WORK TASK: Only the lines from the start of the data below through the line that contains "车内的内饰很简单,最大限度利" are to be copied, exactly and without pictures.

SOURCE DATA:
_ _ _
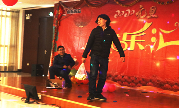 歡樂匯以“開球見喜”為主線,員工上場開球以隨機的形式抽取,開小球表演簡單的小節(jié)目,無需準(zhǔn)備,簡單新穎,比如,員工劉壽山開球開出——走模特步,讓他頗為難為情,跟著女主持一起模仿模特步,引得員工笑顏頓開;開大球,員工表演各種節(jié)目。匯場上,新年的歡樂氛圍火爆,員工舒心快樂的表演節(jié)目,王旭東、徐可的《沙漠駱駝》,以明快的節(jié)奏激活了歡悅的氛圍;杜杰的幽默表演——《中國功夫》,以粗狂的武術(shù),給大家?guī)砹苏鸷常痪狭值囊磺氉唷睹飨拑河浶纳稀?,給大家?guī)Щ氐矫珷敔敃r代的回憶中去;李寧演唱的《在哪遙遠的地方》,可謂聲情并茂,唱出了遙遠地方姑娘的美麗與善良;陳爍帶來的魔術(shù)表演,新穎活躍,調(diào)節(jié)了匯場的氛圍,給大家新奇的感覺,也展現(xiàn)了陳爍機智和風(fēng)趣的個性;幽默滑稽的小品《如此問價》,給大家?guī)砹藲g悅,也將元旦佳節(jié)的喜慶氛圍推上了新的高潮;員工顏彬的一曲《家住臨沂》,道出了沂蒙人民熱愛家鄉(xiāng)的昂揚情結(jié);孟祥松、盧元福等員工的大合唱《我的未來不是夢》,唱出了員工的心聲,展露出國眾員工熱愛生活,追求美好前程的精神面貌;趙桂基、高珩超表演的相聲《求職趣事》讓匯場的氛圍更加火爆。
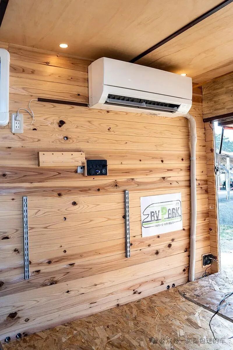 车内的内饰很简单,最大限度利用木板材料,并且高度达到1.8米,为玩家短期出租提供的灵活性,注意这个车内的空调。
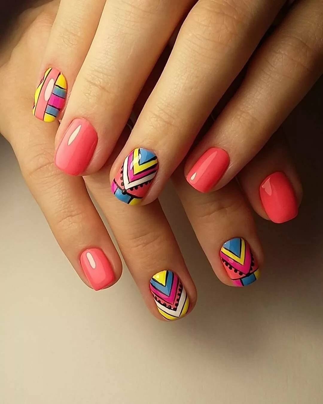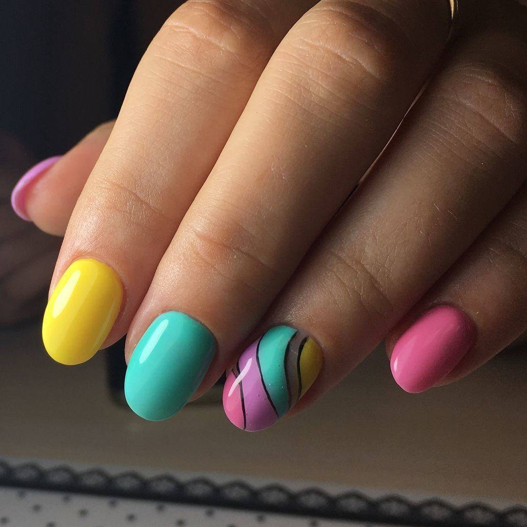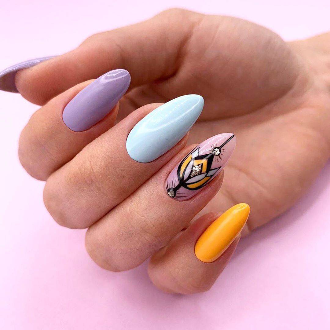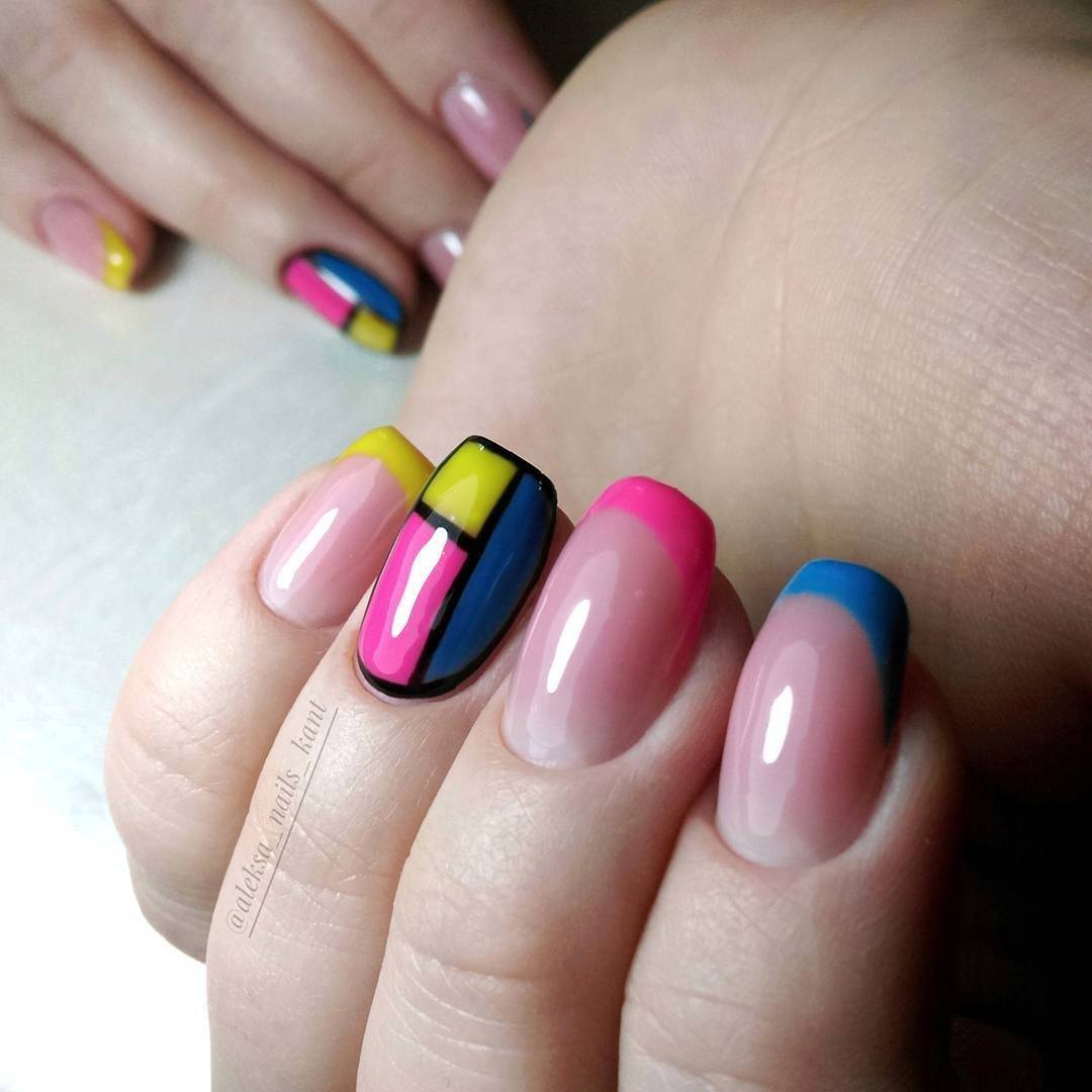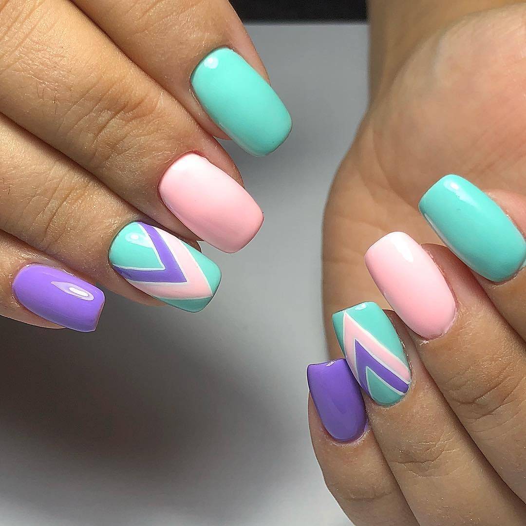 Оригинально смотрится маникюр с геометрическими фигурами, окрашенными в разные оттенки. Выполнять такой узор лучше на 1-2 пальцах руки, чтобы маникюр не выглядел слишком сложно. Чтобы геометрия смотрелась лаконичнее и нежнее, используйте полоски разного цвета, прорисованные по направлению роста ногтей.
_ _ _
ANSWER SPACE:
 歡樂匯以“開球見喜”為主線,員工上場開球以隨機的形式抽取,開小球表演簡單的小節(jié)目,無需準(zhǔn)備,簡單新穎,比如,員工劉壽山開球開出——走模特步,讓他頗為難為情,跟著女主持一起模仿模特步,引得員工笑顏頓開;開大球,員工表演各種節(jié)目。匯場上,新年的歡樂氛圍火爆,員工舒心快樂的表演節(jié)目,王旭東、徐可的《沙漠駱駝》,以明快的節(jié)奏激活了歡悅的氛圍;杜杰的幽默表演——《中國功夫》,以粗狂的武術(shù),給大家?guī)砹苏鸷常痪狭值囊磺氉唷睹飨拑河浶纳稀?,給大家?guī)Щ氐矫珷敔敃r代的回憶中去;李寧演唱的《在哪遙遠的地方》,可謂聲情并茂,唱出了遙遠地方姑娘的美麗與善良;陳爍帶來的魔術(shù)表演,新穎活躍,調(diào)節(jié)了匯場的氛圍,給大家新奇的感覺,也展現(xiàn)了陳爍機智和風(fēng)趣的個性;幽默滑稽的小品《如此問價》,給大家?guī)砹藲g悅,也將元旦佳節(jié)的喜慶氛圍推上了新的高潮;員工顏彬的一曲《家住臨沂》,道出了沂蒙人民熱愛家鄉(xiāng)的昂揚情結(jié);孟祥松、盧元福等員工的大合唱《我的未來不是夢》,唱出了員工的心聲,展露出國眾員工熱愛生活,追求美好前程的精神面貌;趙桂基、高珩超表演的相聲《求職趣事》讓匯場的氛圍更加火爆。
 车内的内饰很简单,最大限度利用木板材料,并且高度达到1.8米,为玩家短期出租提供的灵活性,注意这个车内的空调。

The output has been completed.